Chloroxylenol
- Names: Preferred IUPAC name 4-Chloro-3,5-dimethylphenol

Identifiers
- CAS Number: 88-04-0;
- 3D model (JSmol): Interactive image;
- Beilstein Reference: 1862539
- ChEBI: CHEBI:34393;
- ChEMBL: ChEMBL398440;
- ChemSpider: 21106017;
- ECHA InfoCard: 100.001.631
- EC Number: 201-793-8;
- KEGG: D03473;
- MeSH: chloroxylenol
- PubChem CID: 2723;
- RTECS number: ZE6850000;
- UNII: 0F32U78V2Q;
- CompTox Dashboard (EPA): DTXSID0032316 ;

Properties
- Chemical formula: C_{8}H_{9}ClO
- Molar mass: 156.61 g·mol^{−1}
- Melting point: 115 °C (239 °F; 388 K)
- Boiling point: 246 °C (475 °F; 519 K)
- Solubility in water: 300 mg/L
- Solubility in alcohols: soluble
- Solubility in Ethers: soluble
- Solubility in Benzene: soluble
- log P: 3.377
- Acidity (pK_{a}): 9.76
- Basicity (pK_{b}): 4.24

Pharmacology
- ATC code: D08AE05 (WHO)
- Hazards: GHS labelling:
- Pictograms: GHS07: Exclamation mark
- Signal word: Warning
- Hazard statements: H302, H315, H317, H319
- Precautionary statements: P280, P305+P351+P338

= Chloroxylenol =

Chemical compound commonly used in antiseptics

Chloroxylenol, also known as para-chloro-meta-xylenol (PCMX), is an organic compound with the formula (CH3)2ClC6H2OH. It is a chlorinated derivative of xylenol. The compound is a colorless solid, although impure samples can appear off-white. It has a phenolic odor. It is a common antiseptic.

== Uses ==
Formulations containing chloroxylenol are used in hospitals and households as antiseptics, disinfectants, and sanitizers. It is commonly used in antibacterial soaps, wound-cleansing, and other household antiseptic applications. Chloroxylenol is used in various formulations and marketed under several brand names, including Dettol.

It is on the World Health Organization's List of Essential Medicines. When diluted, this chloroxylenol preparation is used as an antiseptic and disinfectant, and for skin disinfection. Diluted with alcohol, it is suitable for disinfecting medical instruments.

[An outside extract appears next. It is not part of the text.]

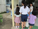 もくもく「なかよし掃除」では、6年生や5年生が 低学年にほうきなど、道具の使い方を教えていました。ゴミを捨てる時は「お願いします。」と言って管理用務員さんにゴミ箱を渡すことも教えていました。

Chloroxylenol has been substituted for hexachlorophene and triclosan, which have been removed from world markets. It is currently used for control of bacteria, algae, and fungi in:

- Adhesive and sealant products
- Construction products
- Lubricant and grease products
- Paint and coating products
- Plastic and polymer products
- Wash tanks
- Diaper pails
- Laundry equipment
- Bedding
- Pet living quarters
- Hospitals
- Personal care products
- Cleaning and furniture care products
- Fabric, textile and leather products
- Ink, toner and colorant products

===United States===
Chloroxylenol was first introduced to the United States in 1959. Chloroxylenol containing products must not be used in any manner that allows contamination of water.

===European Union===
The European Union allows chloroxylenol in cosmetics up to 0.5%.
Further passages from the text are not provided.